Булгаков затем стал основателем и сопредседателем вместе с Владимиром Соловьевым Религиозно-философского общества в Москве, которое (в начале 1905) возникло из Санкт-петербургского общества. Хотя это общество оставалось догматически верным Церкви, оно атаковало ее высших иерархов за «одобрение деспотического режима и поддержку кровавых правительственных репрессий против рабочих и крестьян»[28]. Булгаков был также основателем Киевского Религиозно-философского общества. В Киеве в 1906 г. он был издателем недолго просуществовавшей газеты Народ. Газета была закрыта после опубликования статьи Василия Зеньковского, в которой он восхвалял «научные «открытия» и заботу о бедных» Маркса[29]. В 1907 году Булгаков председательствовал на первом заседании Санкт-Петербургского Религиозно-философского общества, ставшего отделением московского. Это отчасти объясняется последствиями «общего разочарования, наступившего после краха революции 1905 года, значительно снизившего возможности Думы быть поистине представительной силой, противостоящей господству бюрократиии в русской жизни». Санкт-петербургское общество стало «важным форумом для выражения идей русской интеллигенции» в предвоенный период[30].
В дополнение к защите свободы и харизматичному дару учения, третьей характерной чертой жизни Булгакова было признание значимости страдания. Так, когда туман парламентаризма в его душе развеялся, в нем родились любовь и сострадание к царю как носителю бремени «священной власти». Это произошло внезапно, когда он встретил царя Николая II в Ялте в 1909 году. Когда же в 1914 г. он дал объяснение этому чувству в газетной статье, написанной в ответ на объявление войны, он стал в глазах толпы «царистом»[31].

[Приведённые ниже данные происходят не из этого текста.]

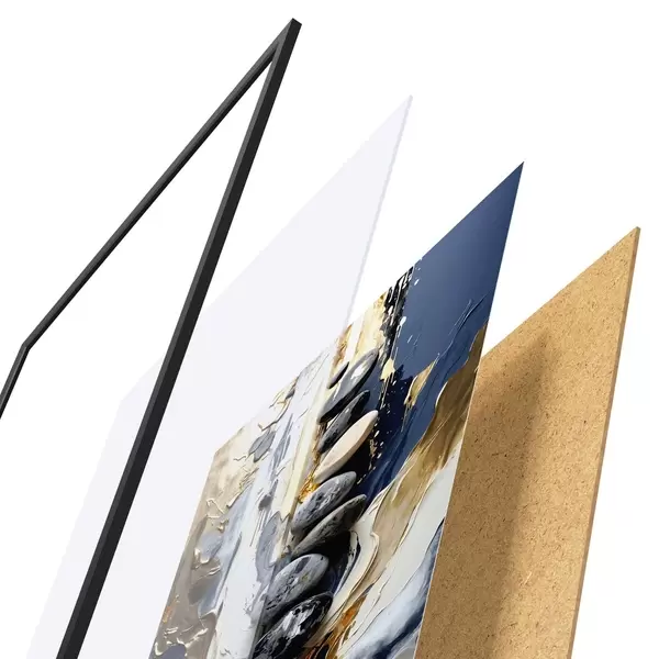 Plakát se skládá z rámu, plexiskla, tištěného obrazu a dřevotřískového podkladu. Díky úchytům na zadní straně lze plakát ihned zavěsit na zeď.

Можно ли объяснить, каким образом булгаковская критика интеллигенции, которая началась с его статьи «Героизм и подвижничество» в Вехах(1909), а также его нескончаемое раскаяние в своей «интеллигентщине»(которую в самом конце своей жизни он называет «судьбой и проклятием нашего Отечества»[32]) могут сосуществовать с его заявлением на смертном одре о лояльности этой самой интеллигенции? Теперь я попытаюсь показать, что духовная эволюция Булгакова в точности соответствует циклу развития «души русскогоинтеллигента», который он сам описал в своем раннем эссе «Драма души Герцена» (1902)[33].

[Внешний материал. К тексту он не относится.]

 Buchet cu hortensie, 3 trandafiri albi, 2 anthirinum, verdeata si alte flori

Схема эволюции взглядов Герцена[34], по мнению Булгакова, не уникальна, а представляет собой «нормальное развитие души любого русского интеллигента» (курсив автора)[35]. Она включает три этапа, в последовательности которых Булгаков усматривает «глубокую моральную необходимость». Эти этапы являются следующими: 1. одержимость Западом до отрицания всего русского[36]; 2. процесс охлаждения по отношению к Западу, но с признанием его культурной мощи; 3. чувство уверенности в будущем России и активное участие в реализации этого будущего.
С точки зрения Булгакова, первый из этих этапов менее всего нуждается в объяснении:
«Слишком наглядны несовершенства наших общественных форм, слишком грубо оскорбляют они и глаз, и совесть, и человеческое достоинство, слишком стыдно нам, что мы их терпим. Глаз невольно устремляется туда [на Запад]…»

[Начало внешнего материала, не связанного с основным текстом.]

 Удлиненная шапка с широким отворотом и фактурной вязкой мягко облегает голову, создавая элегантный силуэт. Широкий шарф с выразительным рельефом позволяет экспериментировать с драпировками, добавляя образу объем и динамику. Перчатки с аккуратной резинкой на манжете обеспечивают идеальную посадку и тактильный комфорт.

Этот этап, который Булгаков не отказывается признавать в качестве начальной фазы своего развития[37], характеризуется им как «нигилизм», концепция, которая восходит к популярному роману Тургенева Отцы и дети. То, что отрицает «нигилизм», – это русская «почва»: традиционный уклад русской жизни и, как следствие, его православные корни, в отличие от латинских корней западной цивилизации.
По Булгакову, это отрицание само по себе может принимать одну из следующих трех форм: «Во-первых, можно просто отрицать какую-либо возможность для культурного творчества в русском народе, считая само ее существование какой-то грустной ошибкой природы»[38]. Эта позиция, которая отрицает любую возможность существования русской истории в западном смысле слова, была только один раз выдвинута в российской художественной литературе со всем своим радикализмом, а именно Чаадаевым[39]. Тем не менее, как раз потому, что Чаадаев никогда не переставал идентифицировать себя с Россией, именно в его «Философских письмах», полных глубины экзистенциального отчаяния, он, наконец, смог осуществить свой «прыжок веры» (в Россию) в своей «Апологии сумасшедшего». Это было едва ли верно для поколений «западников», которые следовали по его стопам.
Во-вторых, в западной цивилизации в целом можно увидеть только один возможный тип исторического развития, которому все народы обречены следовать, пожалуй, с некоторыми несущественными отклонениями от него, так сказать, уникальными для каждой страны. Следствием этого является вывод, что Россия должна рано или поздно неизбежно пойти по «пути Японии», что русский народ не имеет уникальной для него миссии; наоборот, единственной целью его развития должно быть растворение в единой универсальной и космополитичной цивилизации. Например, такой точки зрения придерживался Тургенев (с которым Герцен часто спорил); к ним можно добавить некоторых современников Булгакова – старшее поколение русских марксистов, таких как Плеханов, и кадетов-либералов.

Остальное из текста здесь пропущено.